Cos’è accaduto in quella data? Domenica 17 gennaio 2010 è avvenuta la visita di Benedetto XVI alla sinagoga di Roma. Questo evento mi suggerisce alcune considerazioni storiche e teologiche al contempo. Ciò che è stato affermato in questa occasione ha un’importanza capitale per ogni cattolico: bisogna osservare se ci troviamo di fronte ad una conferma o ad una smentita dell’insegnamento perenne della Chiesa. Innanzitutto bisogna ricordare che da quando Gesù Cristo Nostro Signore morì sulla Croce (e il velo del tempio, che simboleggiava l’Alleanza tra Dio e il suo popolo, si squarciò in due) più nessun rappresentante del cattolicesimo ha messo piede ufficialmente in una sinagoga, fino alla visita di Giovanni Paolo II del 1986. Per quasi duemila anni, al contrario, la Chiesa ha sempre parlato, con caritatevole fermezza e usando dell’aspra medicina della Verità, di una radicale apostasia del giudaismo talmudico (oramai non più nemmeno mosaico) dopo i tragici fatti del Golgota. Non a caso veniva spesso ripresa nella omiletica cattolica (da San Giovanni Cristostomo a sant’Agobardo di Lione, da Pietro il Venerabile a San Bernardino da Siena) la figura della “Sinagoga satanae” contrapposta appunto alla Chiesa di Dio (“Novus Israel”), come scriveva anche San Giovanni Apostolo: ”quelli che si proclamano Giudei e non lo sono, ma appartengono alla sinagoga di Satana” (Apocalisse 2:9). E la Sinagoga nelle grandi cattedrali medioevali era raffigurata come una giovane fanciulla bendata ovvero cieca e con un asta spezzata in mano, nel segno di generale indurimento del cuore dovuto al rifiuto del Messia, e con in mano le Sacre Scritture (ovvero l’Antico Testamento) di cui però non poteva e non voleva intendere più il senso. Si rimarrebbe quindi certamente perplessi nel vedere quindi dei successori di Pietro entrare in un tempio ebraico per non fare opera di conversione e di apostolato “opportune” ed “importune” ma per motivi altri.

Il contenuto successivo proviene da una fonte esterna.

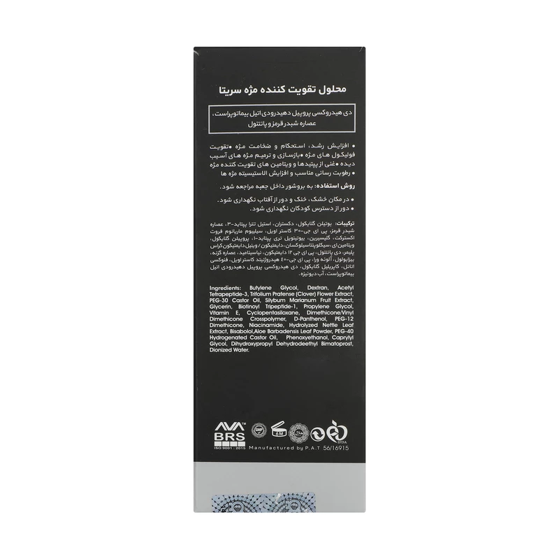 محلول تقویت کننده مژه سریتا، یکی از تخصصیترین محصولات موجود در بازار برای درمان ریزش مژه و افزایش طول، حجم و ضخامت آن ها است. یکی از ترکیبات به کار رفته در این محصول شبدر قرمز است که با داشتن خاصیت آنتی اکسیدانی باعث مهار رادیکالهای آزاد میشود. این محصول به واسطه داشتن ویتامینهای B3 و B5 علاوه بر افزایش انرژی رسانی به تارهای مژه باعث رطوبت رسانی به آن ها و جلوگیری از خشکی مژه میشود.
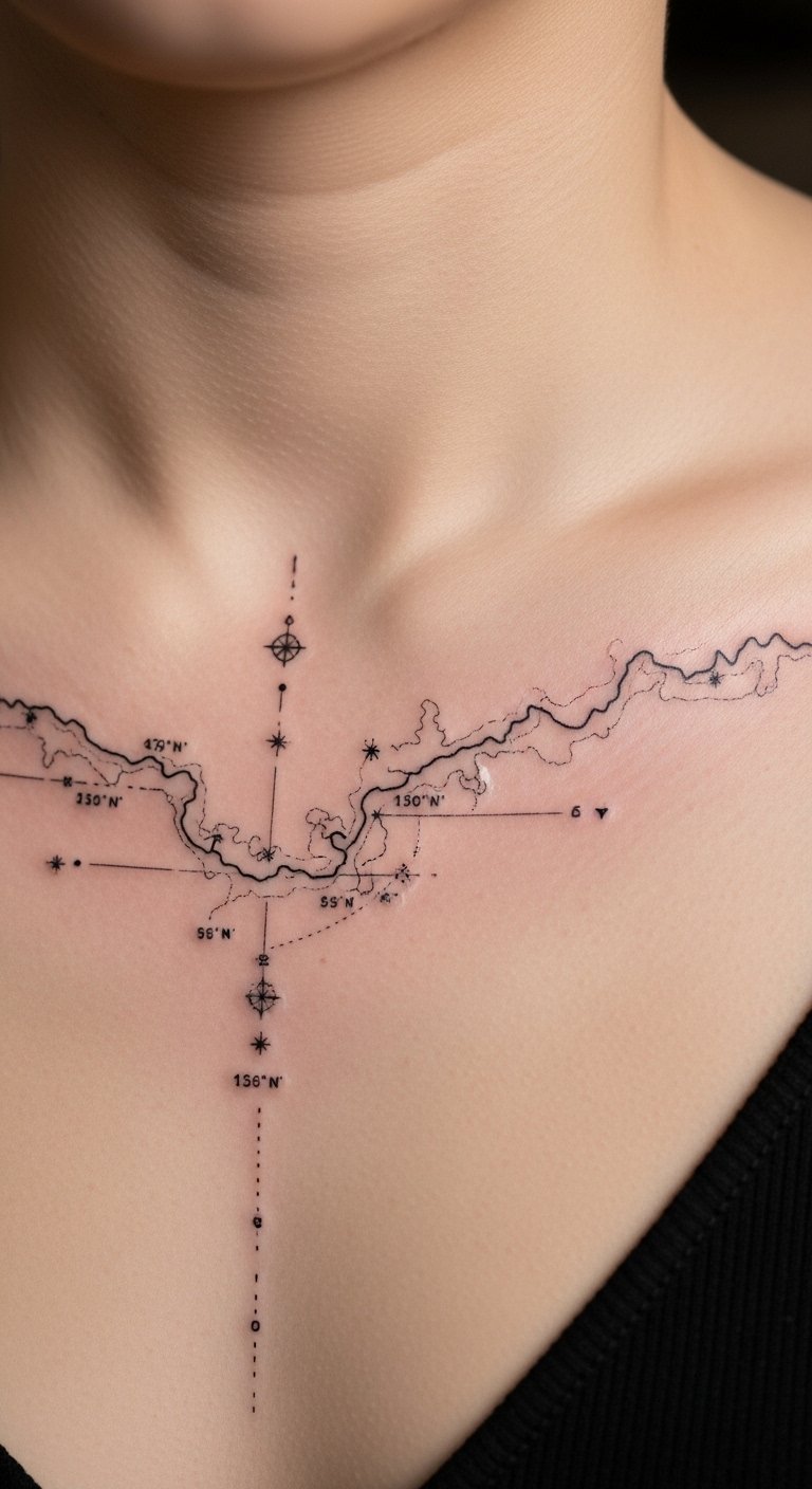 Map or coordinates are understated and personal. Keep lines bold enough to remain legible. Heals quickly but may need touch-ups for crispness over years.
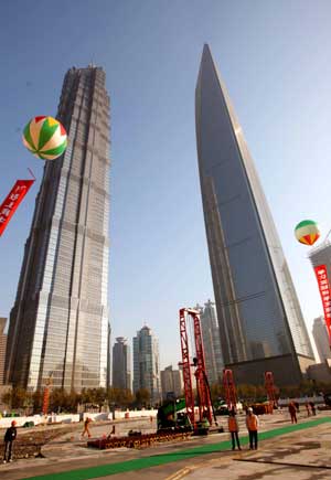 Updated: 2008-11-29 21:23 ![]() A photo taken on Nov. 29, 2008 shows the building site of Shanghai Center with Jin Mao Tower and Shanghai World Financial Center in the backdrop in Shanghai, East China. [Xinhua]

Ma sentiamo dalla viva voce degli attori di questo incontro qual era lo spirito che lo pervadeva
Ecco cosa ha detto il rabbino capo di Roma, Di Segni: “Sono passati 24 anni dalla storica e indimenticabile visita di papa Giovanni Paolo II in questa Sinagoga. Allora fu forte la richiesta rivolta al Papa dai nostri dirigenti di riconoscere lo Stato d’Israele, cosa che effettivamente avvenne pochi anni dopo. Fu un ulteriore segno di tempi cambiati e più maturi” e ancora: “I tempi evidentemente sono cambiati e ringraziamo il Signore (non Papa, si badi bene; n.d.a.) Benedetto che ci ha portato ad un’epoca di libertà; e dopo la libertà conquistata nel 1870 (accusa non troppo velata allo Stato Pontificio, visto come oppressore degli ebrei, che fu occupato illegittimamente il 20 settembre 1870, giorno della breccia di Porta Pia; n.d.a.) , possiamo, dai tempi del Concilio Vaticano, rapportarci con la Chiesa Cattolica e il suo Papa in termini di pari dignità e rispetto reciproco. Sono le aperture del Concilio che rendono possibile questo rapporto; se venissero messe in discussione non ci sarebbe più possibilità di dialogo. (… ) Nella visita a questa Sinagoga, papa Giovanni Paolo II descrisse il rapporto tra ebrei e cristiani come quello tra fratelli”. Mentre il correligionario di Di Segni, Riccardo Pacifici, oltre ad attaccare e infangare nuovamente Papa Pio XII per i suoi presunti silenzi riguardanti la persecuzioni antiebraiche durante la seconda guerra mondiale, dimenticava le centinaia, se non migliaia, di ebrei salvati da Papa Pacelli nascondendoli in conventi cattolici, e così elogiava Giovanni XXIII e Giovanni Paolo II: “Giovanni Paolo II, al quale va un commosso ricordo. (…) Numerosi sono stati i gesti e gli atti di riconciliazione compiuti dal pontificato di Giovanni XXIII a quello di Giovanni Paolo II …” e sulla stessa lunghezza d’onda proseguiva Renzo Gattegna, presidente dell’Unione delle Comunità ebraiche italiane “Questi principi sono stati solennemente affermati nella Dichiarazione Nostra Aetate che, concepita e voluta da Papa Giovanni XXIII, fu promulgata il 28 Ottobre del 1965 dal Concilio Vaticano II. Da quel momento iniziò a svilupparsi un dialogo tra ebrei e cristiani. (…) alla memoria di Papa Giovanni Paolo II rendo un commosso omaggio”.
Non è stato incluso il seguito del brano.